March 21, 2019

Nathalie Wheaton, from Rush University Medical Center Archives


Nathalie Wheaton depicted holding a time capsule recovered from the Daniel A. Jones Memorial Building, 1888, demolished in 2016.
Photograph courtesy of Rush Production Group.

This fourth installment of CCC's Member Spotlight series features an interview with Rush University Medical Center Archivist Nathalie Wheaton.

Tell us about yourself and your role at Rush University Medical Center Archives.

I have served as the archivist of Rush University Medical Center since 2014, and, previously, as assistant archivist, 2006-2012. As the sole archivist of Rush, I provide all archives-related services, including reference and donor services, records consultations, outreach initiatives, digital projects, and database and website management. To ensure these services are possible, I appraise, accession, arrange, describe and perform preservation tasks on the institutional collection, which consists of various formats, including digital assets. 

Outside of Rush, I am a Trustee of the Board of the Forest Park Public Library, a member of the Steering Committee of the Chicago Area Archivists, an administrator of the Chicago Area Medical Archivists, and a member of other related professional organizations. 

How did you become involved in the work of Chicago Collections?

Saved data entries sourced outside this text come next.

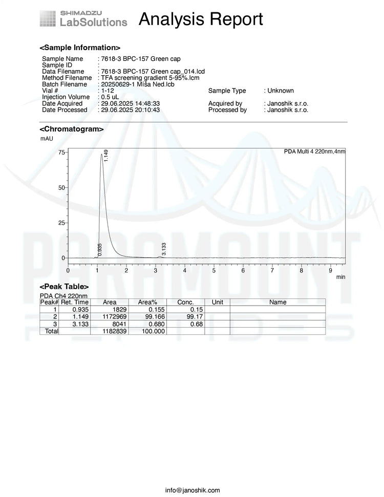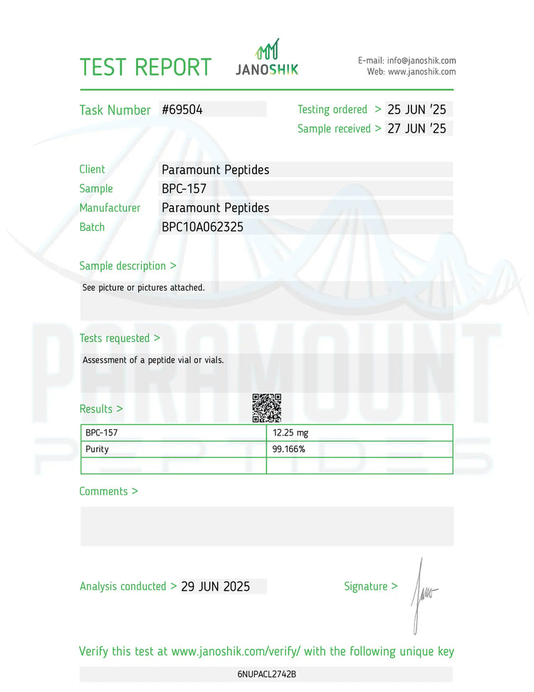 *Issued under Paramount Peptides, the authorized testing and distribution partner.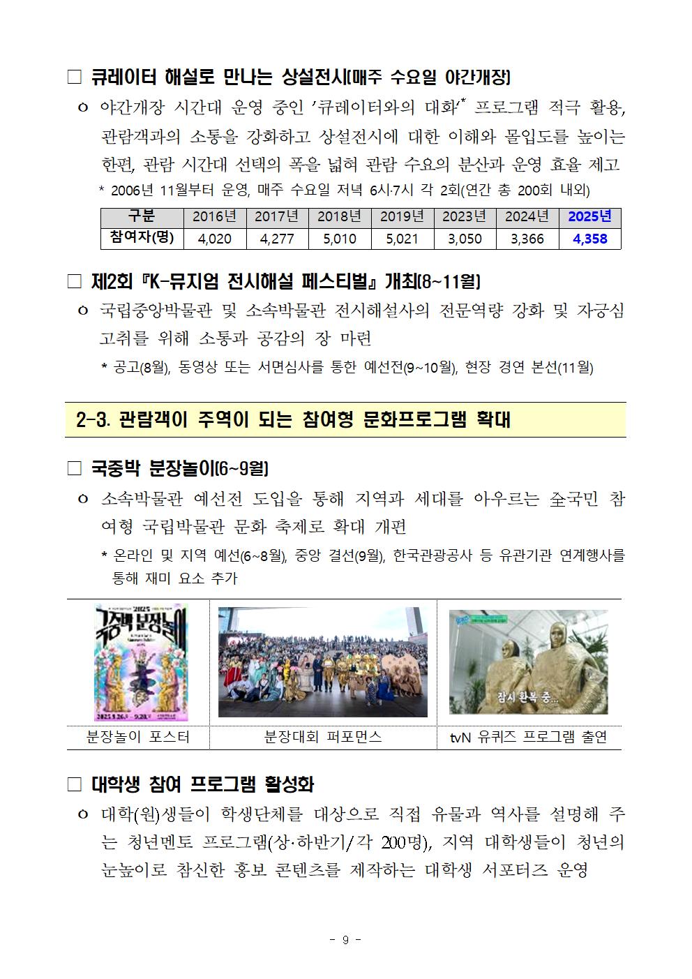 특히 상설전시 운영의 전략화를 위해 서화실 재개관을 계기로 ’’ 시즌 하이라이트‘ 등 주제 중심 전시와 콘텐츠 순환을 강화하고, 전시·해설·서비스 전반에서 관람객의 이해와 참여를 높이는 경험 중심 운영 체계를 구축한다. 수요일 야간 개장 시간대에는 ’’ 큐레이터와의 대화‘ 프로그램을 적극 활용해 관람객과의 직접 소통을 확대하고, 관람 시간대 선택의 폭을 넓혀 관람 수요의 분산과 운영 효율 제고를 도모한다. 이와 함께 국립중앙박물관과 소속박물관의 전시해설사들이 참여하는 ’K-뮤지엄 전시해설 페스티벌‘(8~11월)을 개최해 전시해설 역량을 체계적으로 강화한다. 박물관의 힘은 무엇을 소장하느냐보다 그것을 어떻게 이해하느냐에 의해 완성된다. 이번 페스터벌은 전시해설사의 전문성과 해석 역량을 공유·확산하는 실천형 학습의 장으로, 언제 찾아도 새롭게 읽히는 박물관을 구현하는 데 목적이 있다.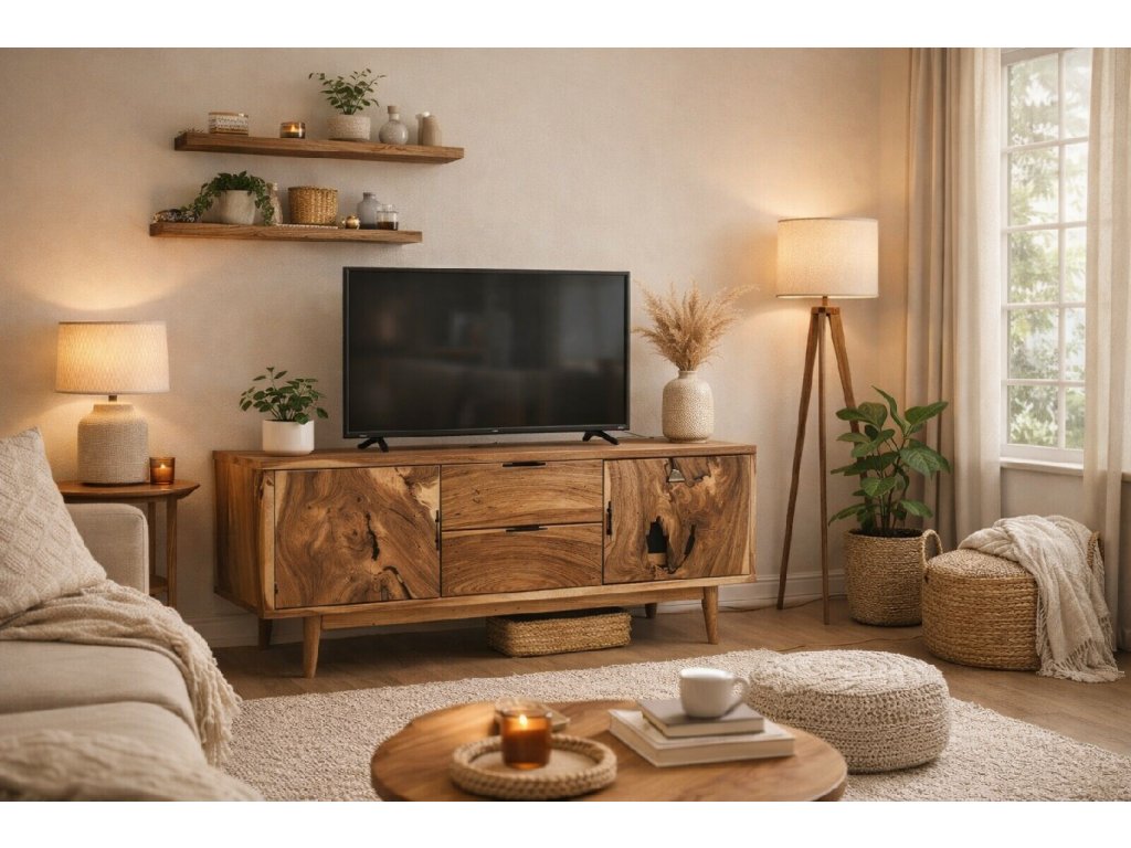 TV stolek ze suaru je ideální volbou pro interiéry, které chtějí propojit moderní styl s přírodními materiály. Díky své přirozené kráse se stane dominantním prvkem každého obývacího pokoje.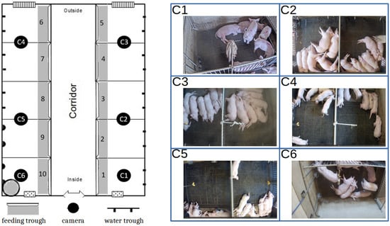 Video recordings from six cameras monitoring ten pig pens were taken in a research trial between March 2017 and March 2018 at a research facility of the Christian-Albrechts-University in Kiel, Germany. For the recordings, each camera of the type AXIS M30-VE was assembled 2 m above the pig pens. An overview of the pen arrangement, the camera placement and an example image of each camera are presented in Figure 2.

As a long-time member of the Chicago Area Medical Archivists, I recall many meetings several years ago where we discussed the technological hurdles that seemed to stand in the way of our collaborative projects. Many of us hold collections of individuals and institutions that overlap historically, and we envisioned creating one place where researchers would be able to find these interconnected materials that resided at multiple institutions in Chicago. In practice, however, trying to implement such a project can be a challenging prospect.

So, when I first heard of the development of the Chicago Collections Consortium, I was thrilled. Here was the opportunity to help users find archival materials across the collections of many institutions in Chicago. I was excited for Rush to become a member of such a group, not only to increase awareness of the Rush Archives, but to make the CCC an even more strong, robust resource.

What are some of the interesting things your institution has on EXPLORE?

Currently, we’re working on expanding our photograph collection on EXPLORE. 

With a history going back to 1837, and the founding of Chicago, Rush has grown alongside the city, and we have many stories to tell. 

One of my favorite photographs in our collection on EXPLORE shows the students and faculty of Rush Medical College standing in the burned ruins of their building at Grand and Dearborn after the Great Chicago Fire of 1871. It’s incredible to me that someone thought to assemble everyone for that photo in the first place. It’s such an iconic shot and speaks to the resiliency of not only the Rush students and faculty, but Chicago itself. Their building was destroyed, yet they managed to rebuild and start fresh on the West Side of Chicago, where Rush still stands today. 

Which collections are you most looking forward to sharing on EXPLORE in the future?

The Rush Archives has many more photographs to share, so we will add more continuously over time. 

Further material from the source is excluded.